Le projet Human at Home (HUT) va se pencher sur les rapports que des occupants peuvent avoir avec leur logement grâce à un « appartement-observatoire » habité à partir d’octobre 2018. Deux étudiants volontaires emménageront dans ce terrain d’étude d’une soixantaine de chercheurs. Juristes, économistes, électroniciens, informaticiens, architectes, spécialistes de sciences du langage et du comportement, du marketing ou encore de la santé… les questions qu’ils se posent ne peuvent être explorées de manière pertinente qu’en étudiant un lieu de vie permanent. S’ils ne mettront pas les pieds sur place, les chercheurs exploiteront les précieuses données produites par les « co-HUTeurs ».

Concrètement, des capteurs de pression au sol et des capteurs de mouvement dans certaines pièces serviront à évaluer déplacements et gestes des occupants dans leur lieu de vie. Des informations qui peuvent intéresser à la fois des architectes (pour identifier d’éventuelles zones évitées par les habitants, et optimiser l’aménagement) et des professionnels de santé (les mouvements et postures pouvant être des marqueurs de bien-être ou de mal-être). Des capteurs de pollution, d’ouverture de placards ou de fenêtres, de consommation d’eau et d’électricité… permettront notamment d’imaginer de nouveaux services. Des linguistes et des spécialistes de sciences cognitives étudieront les interactions des occupants avec les systèmes dits « intelligents ». Des recherches menées sur les capteurs eux-mêmes viseront par exemple à les rendre autonomes en énergie (récupération d’énergie dans l’environnement ou « energy harvesting »).

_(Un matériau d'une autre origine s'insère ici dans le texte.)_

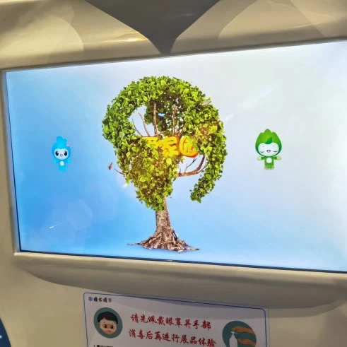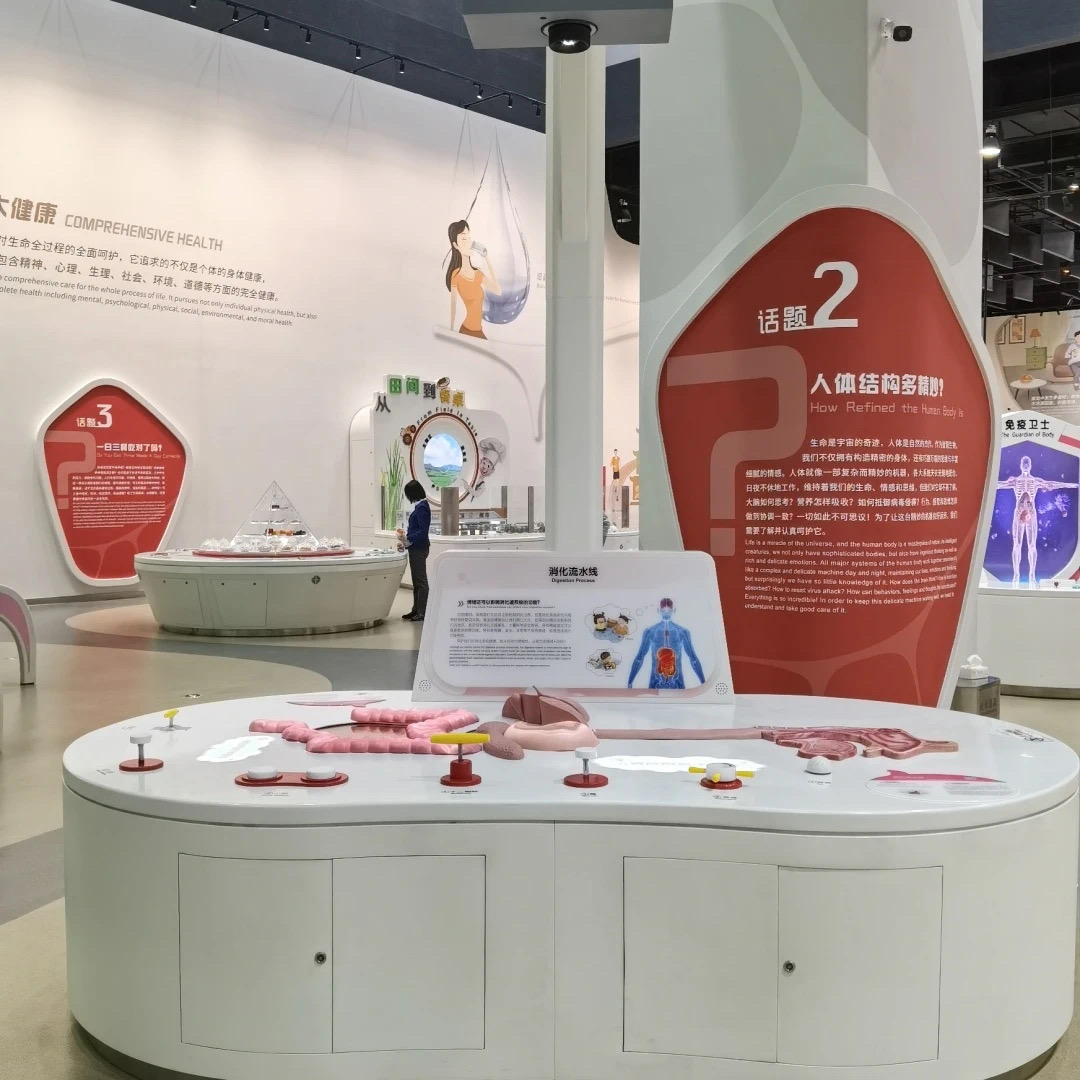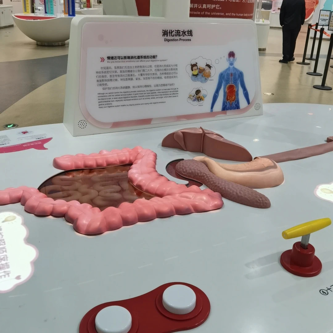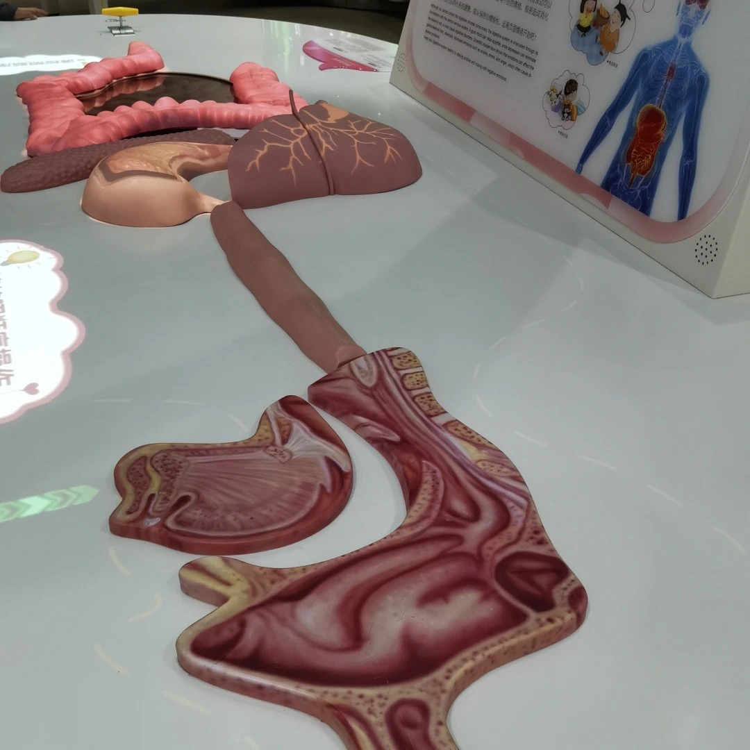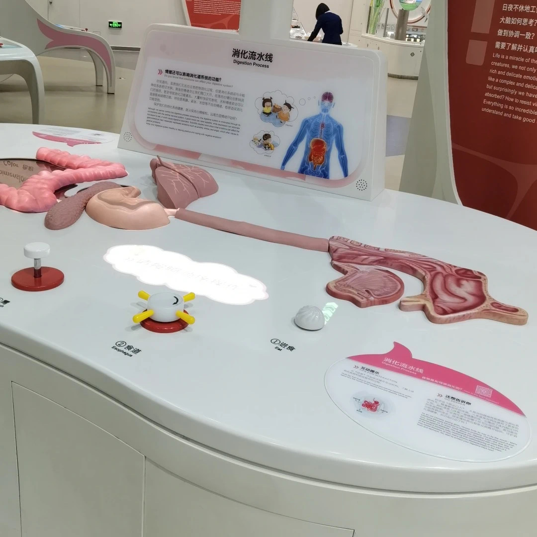 展品以桌面开放式人体消化道为场景,采用仿真模型加投影动画的形式,通过相应的互动操作体验食物在消化道各个器官中移动和消化吸收的过程,了解食物在此发生的变化,深切理解饮食方式与消化道健康的关系。
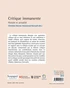 La critique immanente désigne une opération critique qui se veut intérieure et non extérieure à l'objet critiqué, qu'il s'agisse de textes, d'oeuvres, de pratiques et d'institutions et même de sociétés dans leur globalité. Aujourd'hui, c'est le plus souvent en rapport avec la critique sociale que ce concept est discuté, notamment par la théorie critique francfortoise. Les contributions réunies dans ce volume s'attachent d'une part à l'histoire du concept (Hegel, Marx, Benjamin, Adorno), d'autre part aux discussions les plus contemporaines sur les modèles de la critique sociale qui exigent de partir de normes ayant validité sociale dans les sociétés critiquées (Walzer, Habermas, Honneth).
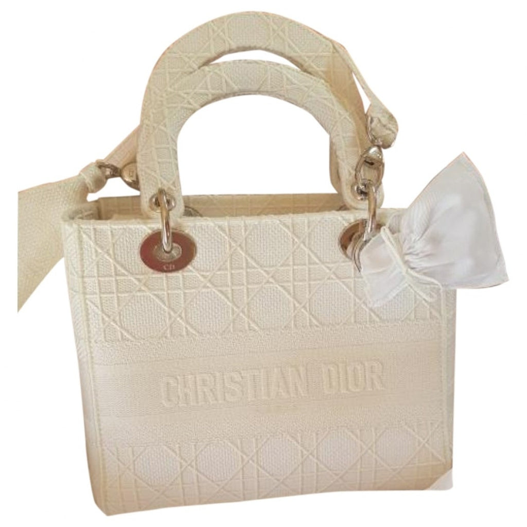 Dior Lady Dior Ecru Cloth handbag for women. Used condition.
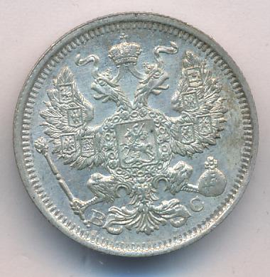 Лицевая сторона — гербовый орел, оборотная —обозначение номинала (20 копеекъ), окруженное венком из лавровой и дубовой ветвей и дата.
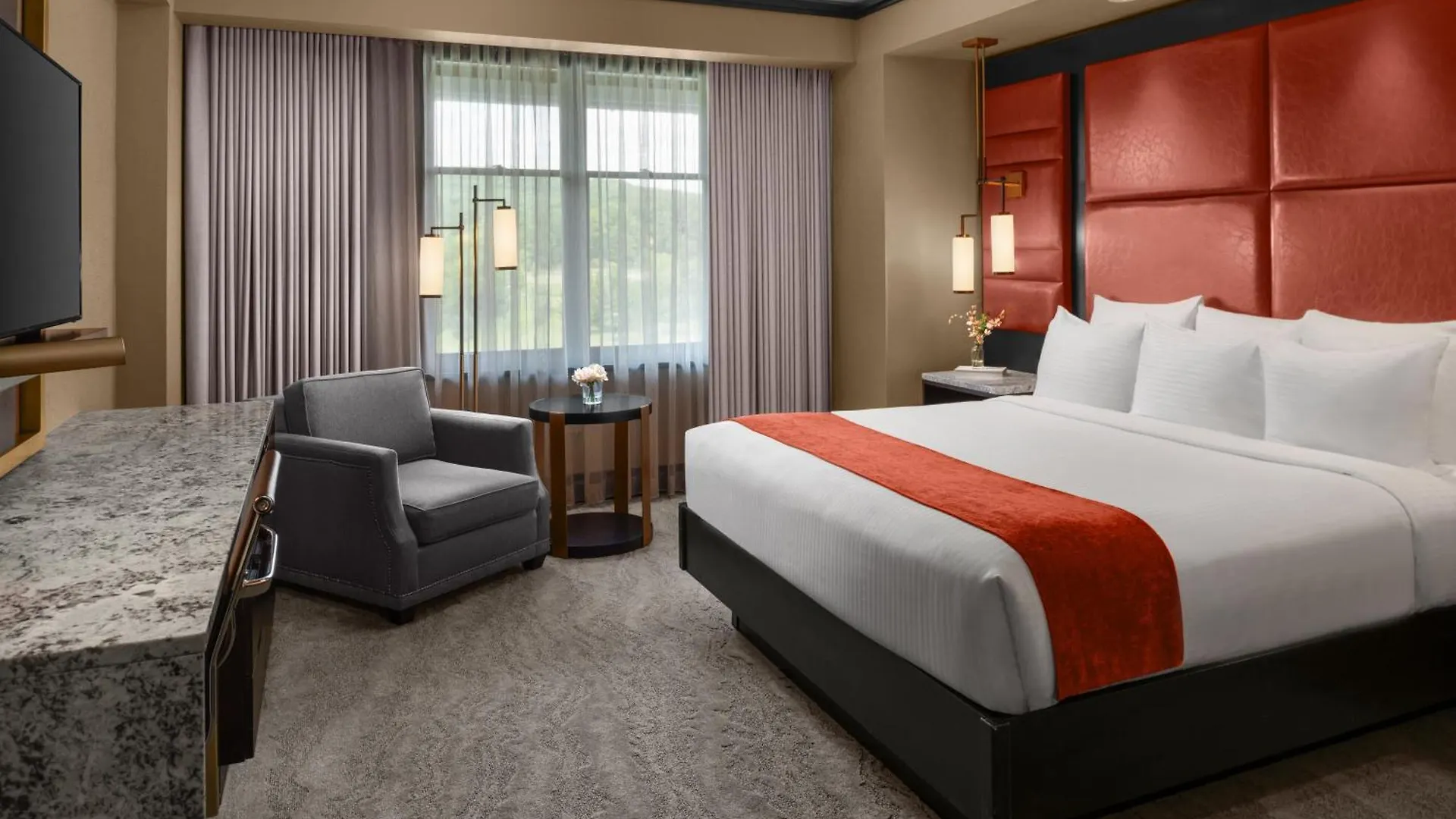 The Mount Airy Casino Mount Pocono features 283 rooms equipped with high-speed internet and a cable TV with on-demand films as well as a mini-fridge-bar, coffee and tea makers. An iron with ironing board and climate control are featured for guests' comfort.
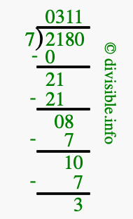 The image displays 311 at the top, which is the quotient, and 3 at the bottom, which is the remainder. Therefore, the answer to 2180 divided by 7 (2180 ÷ 7) using long division is 311 remainder 3, or simply 311 R 3.
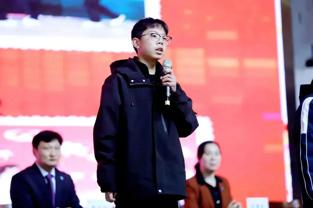 典礼特设「回望・成长」梦想盒启封环节。现场启封了同学们在上学期开学典礼投递的梦想卡,以此回望初心、检验成长。高一3班牛天宇、高二9班孙一旖、高三5班李明哲、国际部中美高三1班张静宜依次上台,结合自己的梦想卡片,分享成长感悟与新学期规划。随后,学生代表张歆婕、教师代表韩茜先后发言,分别表达了学子们的奋进决心与老师们的育人初心,尤其为高三学子送上冲刺祝福。
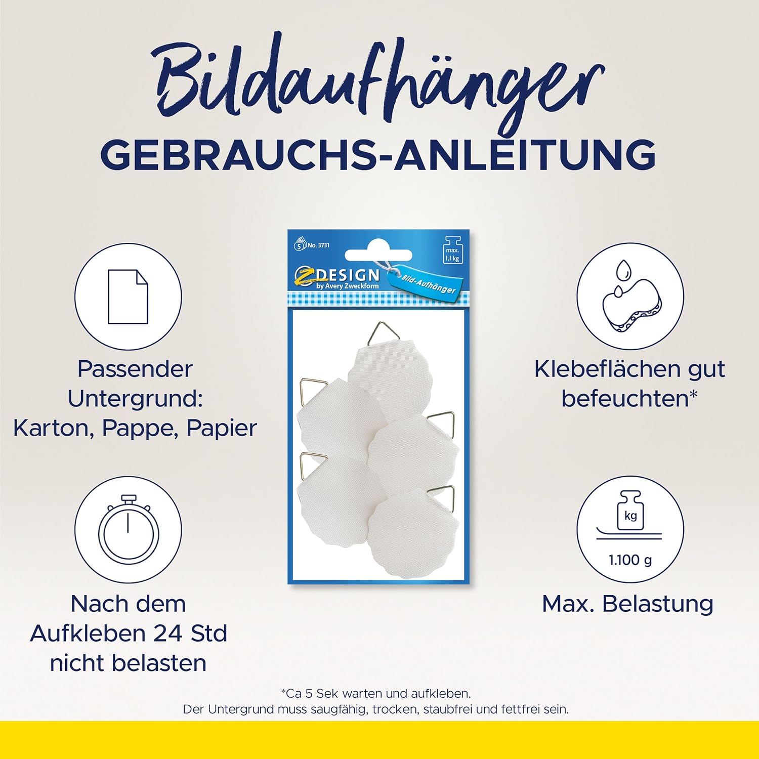 Die Avery Zweckform Bildaufhänger 3731 sind die praktische und saubere Lösung zum Aufhängen von Bildern und Dekorationen, ganz ohne Bohren. Die 5 weißen, selbstklebenden Aufhänger aus stabilem Leinengewebe mit integriertem Drahtbügel-Haken bieten dauerhafte Haftung und sind mit einem Maximalgewicht von 1.100 g belastbar – ideal für Poster, Fotos, Kalender, Schilder, Plakate oder kleine Rahmen.
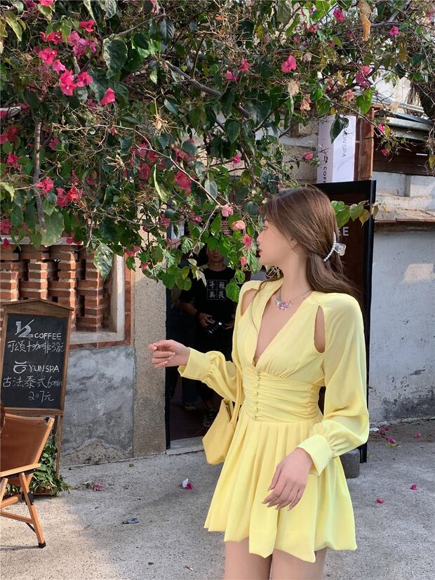 スタイルVネックハイウェストウェスト薄手ドレス サマーAラインショートスカート ロング 夏物 ナナファッション81305327231

Les recherches porteront aussi sur la gestion des données produites par les objets connectés – à la fois sur le plan technique (comment organiser ces « lacs de données ») et sur les plans éthique et juridique. Un comité d’éthique indépendant a d’ailleurs été mis en place afin de protéger la vie privée des « co-HUTeurs ». Il a pour rôle d’examiner tous les projets scientifiques, et pourra à tout moment être saisi par les habitants et les chercheurs ou s’autosaisir.

Pour concevoir cet appartement, le consortium a bénéficié d’un plateau modulable à la Maison des sciences de l’Homme Sud. Pouvant être aménagé en différentes pièces d’un logement, il permettra de réaliser des expériences à la journée en parallèle de l’expérience au long cours menée dans l’appartement-observatoire.

Les premiers occupants quitteront l’appartement à l’été 2019. Le logement sera alors « reformaté » en fonction des premiers résultats et des nouvelles pistes de recherche, avant d’être à nouveau proposé gratuitement à deux autres étudiants volontaires.

http://hut.edu.umontpellier.fr

 

Ce projet de recherche réunit au sein d’un consortium une collectivité (Montpellier Méditerranée Métropole), sept entreprises (Delided, EDF, Nexity, Oceasoft, SensDigital, Synox, Weda) et une association de danse porteuse d’un projet de recherche-création artistique (« Comme ça »), aux côtés de la Maison des sciences de l’Homme Sud et de 12 laboratoires :
Dynamiques du droit (CNRS/Université de Montpellier) ;
Dynamique musculaire et métabolisme (Inra/Université de Montpellier) ;
Epsylon (Université de Montpellier/Université Paul Valéry Montpellier 3) ;
Espace-Dev (IRD/Université de Montpellier/Université des Antilles/Université de Guyane/ Université de la Réunion) ;
EuroMov (Université de Montpellier) ;
Institut d’électronique et des systèmes (CNRS/Université de Montpellier) ;
Laboratoire de génie informatique et d’ingénierie de production (IMT Mines d’Alès) ;
Laboratoire d’informatique, de robotique et de microélectronique de Montpellier (CNRS/Université de Montpellier) ;
Laboratoire innovation, formes, architectures, milieux (ministère de la Culture) ;
Montpellier recherche en économie (Université de Montpellier) ;
Montpellier recherche en management (Université de Montpellier) ;
Praxiling (CNRS/Université Paul Valéry Montpellier 3).
Il a bénéficié du soutien de la Maison des sciences de l’Homme Sud ainsi que du soutien financier de la Mission pour l’interdisciplinarité du CNRS et de Montpellier Méditerranée Métropole.